# Aspire Breeze 2



## Shakez (6/6/18)

Anyone have stock of this little kit? Will be travelling overseas at the end of the month would love a small easy to use and carry device and the Breeze 2 caught my attention. 

So far I'm only finding the Breeze (version 1) everywhere. 

Thanks in advance


----------



## Jengz (6/6/18)

Try @Vapers Corner or @Mida Khan


----------



## Shakez (6/6/18)

Jengz said:


> Try @Vapers Corner or @Mida Khan


Thanks bud. Had a look on Vaperscorner's website can't find the v2

Reactions: Like 1


----------



## The Vapour Beast (9/6/18)

If you are willing to check out an alternative you can always look at the Vaporesso Nexus kit 
https://thevapourbeast.co.za/vaporesso-nexus-kit.html


----------



## Silver (18/6/18)

Bumping this thread

Does anyone have the Aspire Breeze 2 in stock at the moment?

Reactions: Like 1


----------



## Shakez (18/6/18)

Silver said:


> Bumping this thread
> 
> Does anyone have the Aspire Breeze 2 in stock at the moment?

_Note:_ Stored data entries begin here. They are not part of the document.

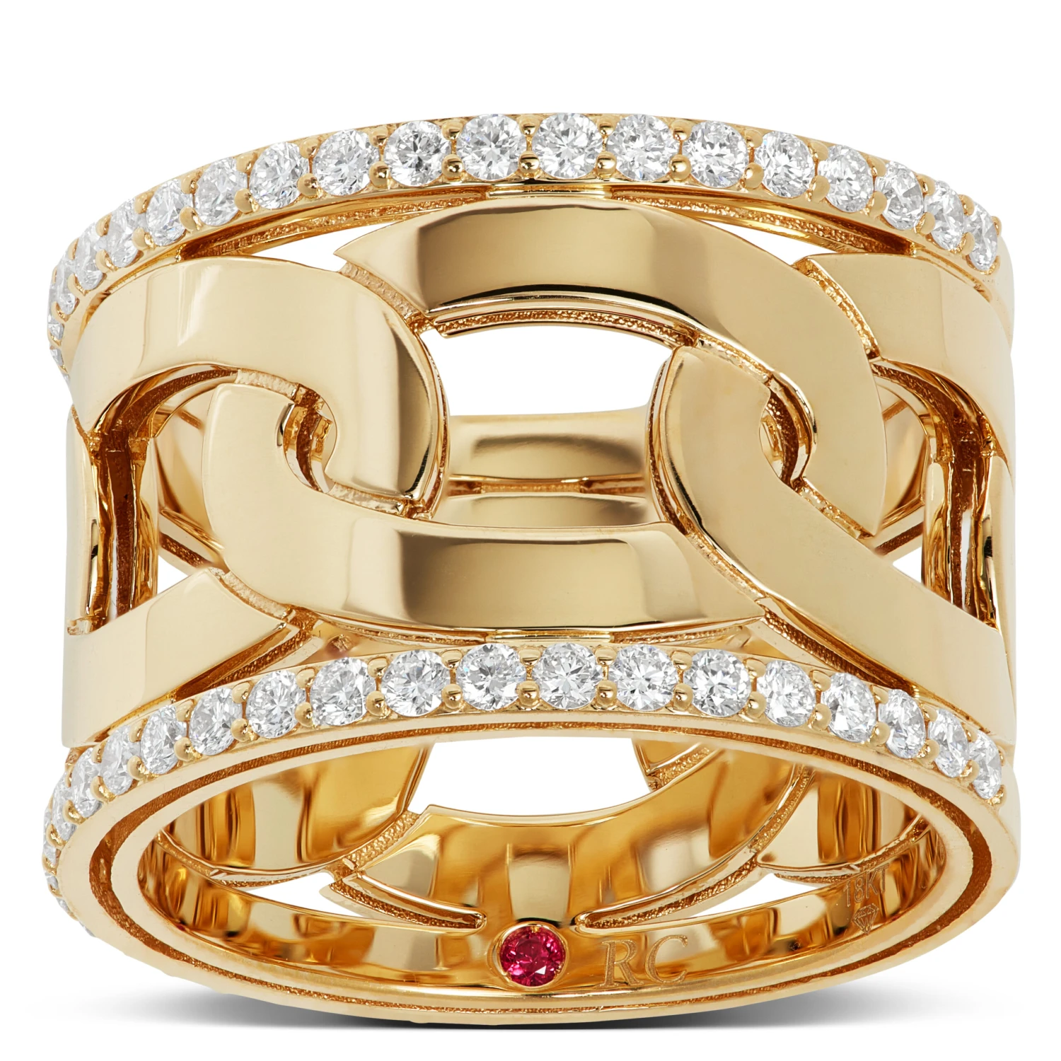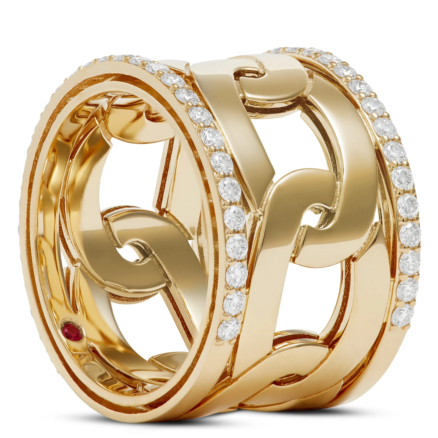 This 18K yellow gold and diamond band is part of the Navarra Collection Designed by Roberto Coin. The ring measures 14mm wide and features open high-polish oval stations all the way around, flanked by two rows of prong set round brilliant cut diamonds. Total carat weight 0.78 carat.
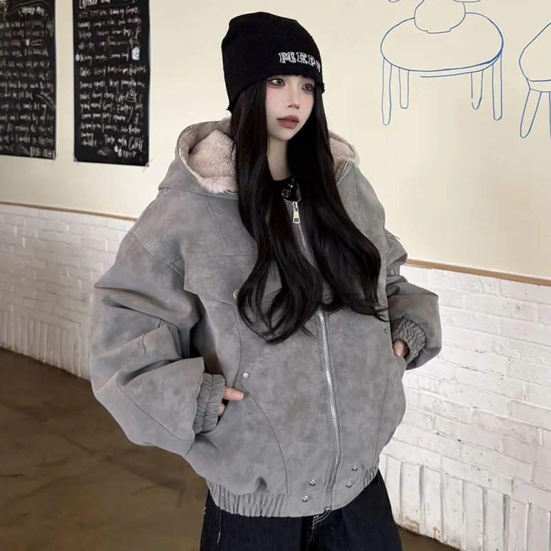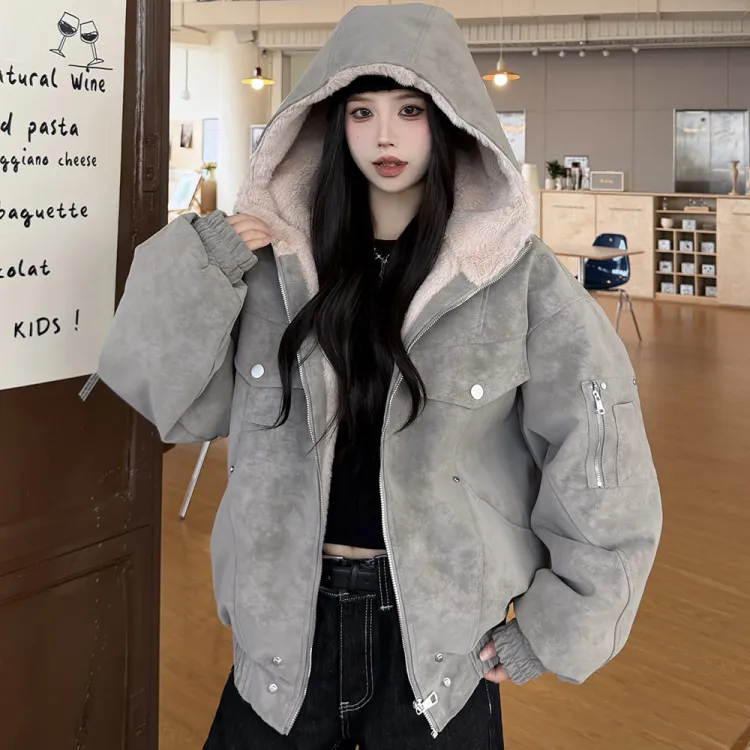 Langqing Темно-серый женский пуховик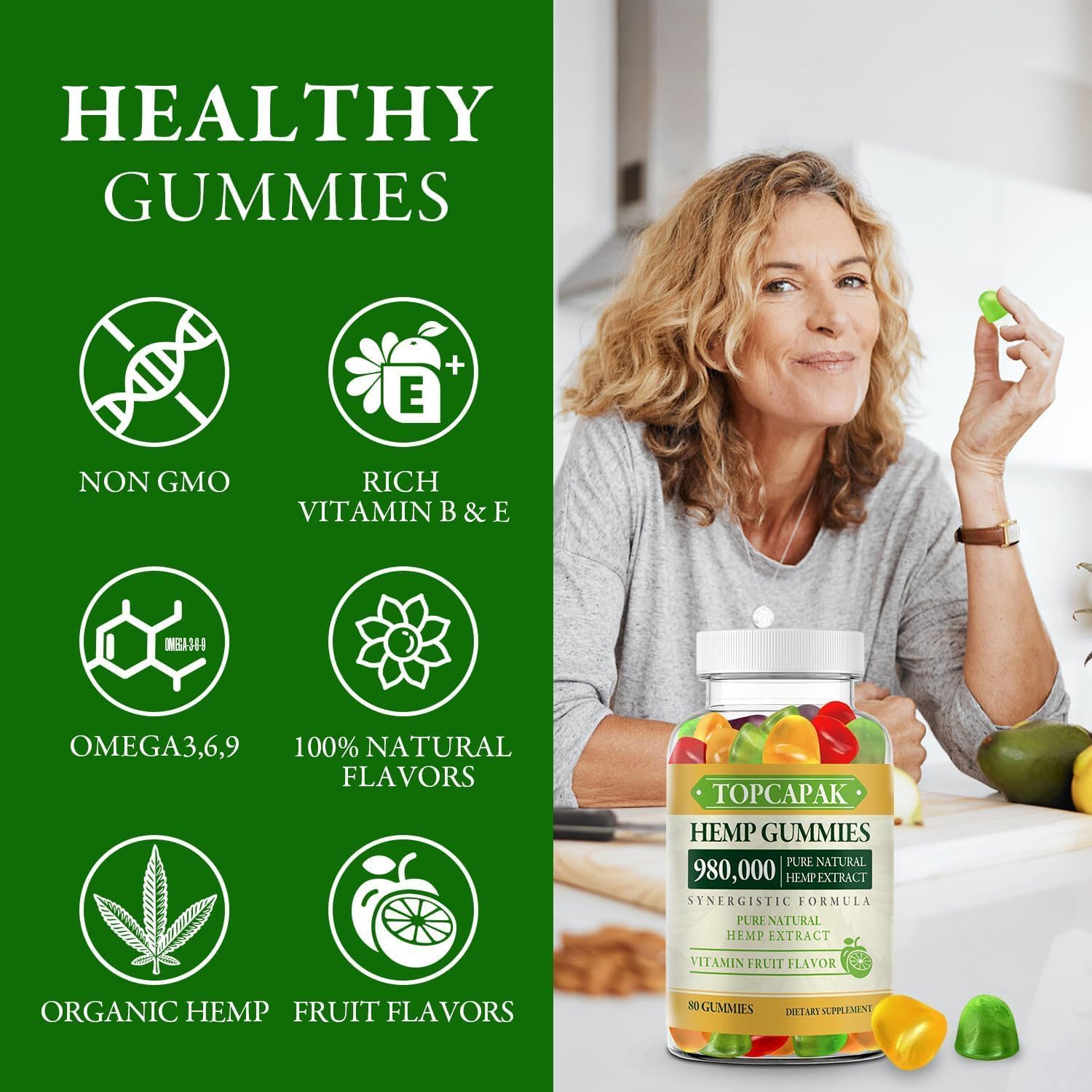 Improved Brain Work: TOPCAPAK gummies has the natural ability to help your brain work more efficiently and improve your attention to details. improve focus and clarity , increase energy levels & overall happiness, help to balance and maintain happy and health life.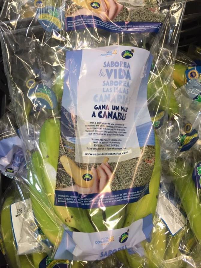 La Asociación de Organizaciones de Productores de Plátanos de Canarias (ASPROCAN) y Promotur Turismo de Canarias, entidad dependiente de la Consejería de Turismo, Cultura y Deportes del Gobierno de Canarias, ponen en marcha una promoción con el doble objetivo de promover la marca turística del archipiélago en el mercado peninsular aprovechando la distribución de la fruta canaria, así como incentivar la venta de plátano durante el verano.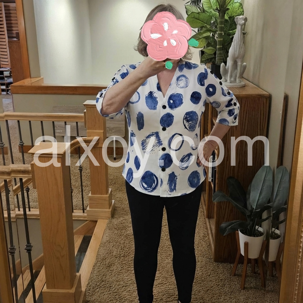 This V-neck blouse features a bold blue abstract dot print on a white background. Button-down front with three-quarter sleeves and button cuffs. Relaxed fit perfect for casual wear. Ideal for pairing with jeans or shorts. Modern and eye-catching design.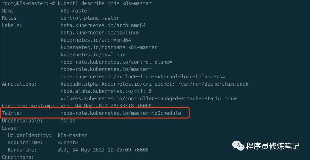 Master节点默认被加上了node-role.kubernetes.io/master:NoSchedule这样一个“污点”,其中键是node-role.kubernetes.io/master,而没有提供值。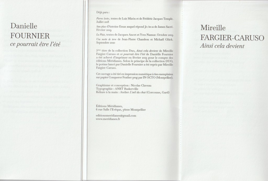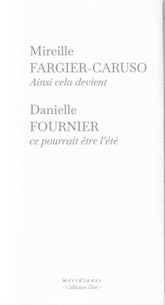 Danielle FOURNIER, ce pourrait être l’été, suivi de Mireille FARGIER-CARUSO, ainsi cela devient, collection Duo, Editions Méridianes (Montpellier), 2023, 12 €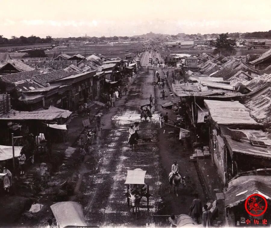 永定门内大街位于北京中轴线上,地处外城区域,是从南部出入京城的通衢要道。沿着大街向北望,依稀可以看到远处的景山。这张照片应该是在永定门城楼上拍摄的。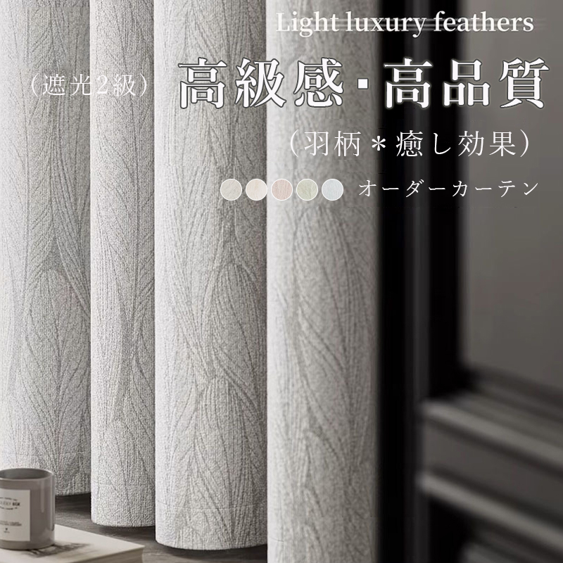 品質重視 高級感 5色展開 形態安定加工済み 羽柄 癒し効果 新居 1cm単位 オーダー 遮光2級 寒さ対策 防寒 断熱 保温 冷暖房効率UP ドレープ カーテン 2倍ヒダ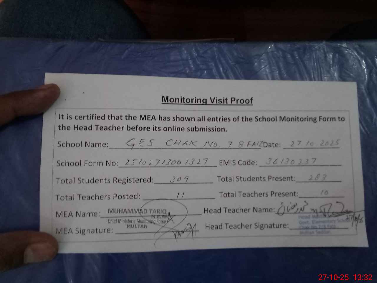 | Monitoring Date: 27-10-2025 | Start Time: 27-10-2025 01:00 PM | End Time: 27-10-2025 01:37 PM | Name of MEA: MU**** TA**** | |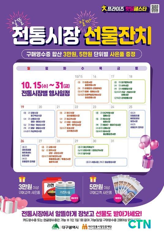 [´ë±¸/CTN]À̼öÇö ±âÀÚ= ´ë±¸±¤¿ª½Ã´Â 10¿ù 15ÀϺÎÅÍ 31ÀϱîÁö Áö¿ª ³» ÀüÅë½ÃÀå 77°÷¿¡¼ 'ÀüÅë½ÃÀå Ȱ·ÂUP! ¼ÒºñUP! °í°´¸ÂÀÌ Æ¯º° »çÀºÇà»ç'¸¦ ÁøÇàÇÑ´Ù°í ¹àÇû´Ù.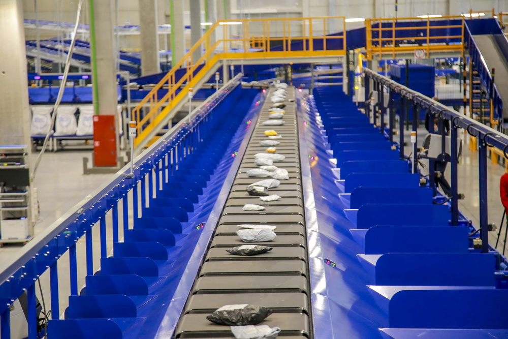 Сначала сканер считывает информацию, взвешивает и снимает замеры. После идёт сортировка на крупные или мелкие посылки. Большие встают на линию длиной 450 метров. Затем автоматически со своей каретки посылка отправляется в нужный контейнер.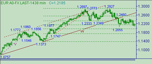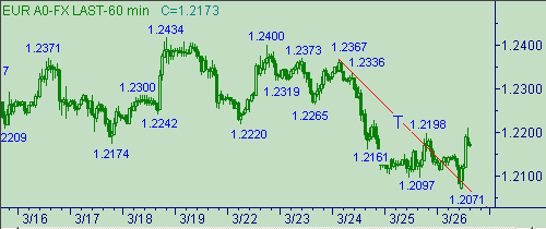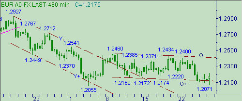 Евро/доллар не долго баловали нас движениями похожими под классическое определение тренда и канала, оставив нам на раздумье проблему понимания последнего нисходящего движения от вчерашнего максимума 1.2198 до сегодняшнего минимума 1.2071.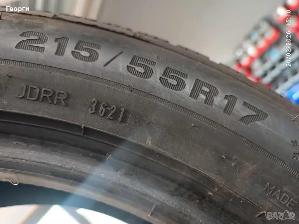 2бр. Dunlop,215/55/17 ДОТ 3621, 9mm грайфер, цената е за 1бр. Гумите са перфектни, без забележки, проверени са машинно за кривини, балони! Разполагаме с всякакъв размер нова и втора употреба гуми от 14-22 цола за автомобил, джип и бус.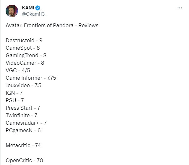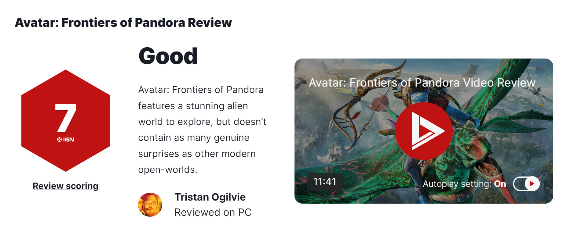 《阿凡达:潘多拉边境》媒体评分解禁 IGN 7分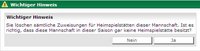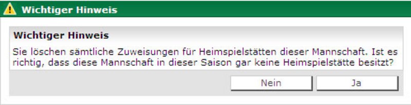 Sie können auch alle Zuordnungen entfernen, aber da es unwahrscheinlich ist, dass eine Mannschaft gar keine Heimspiele besitzt, erscheint zunächst eine Sicherheitsabfrage (siehe Screen "Sicherheitsabfrage")

Managed to get myself one from Vaperscorner. I thought they were out but I just didn't look properly.

Reactions: Like 1


----------



## skola (18/6/18)

Ordered a Black one from Vapers Corner this morning only to receive an email now stating that they don't have a black one in stock. I hate when that happens.


----------



## Shakez (18/6/18)

skola said:


> Ordered a Black one from Vapers Corner this morning only to receive an email now stating that they don't have a black one in stock. I hate when that happens.


I think I took their last black one


----------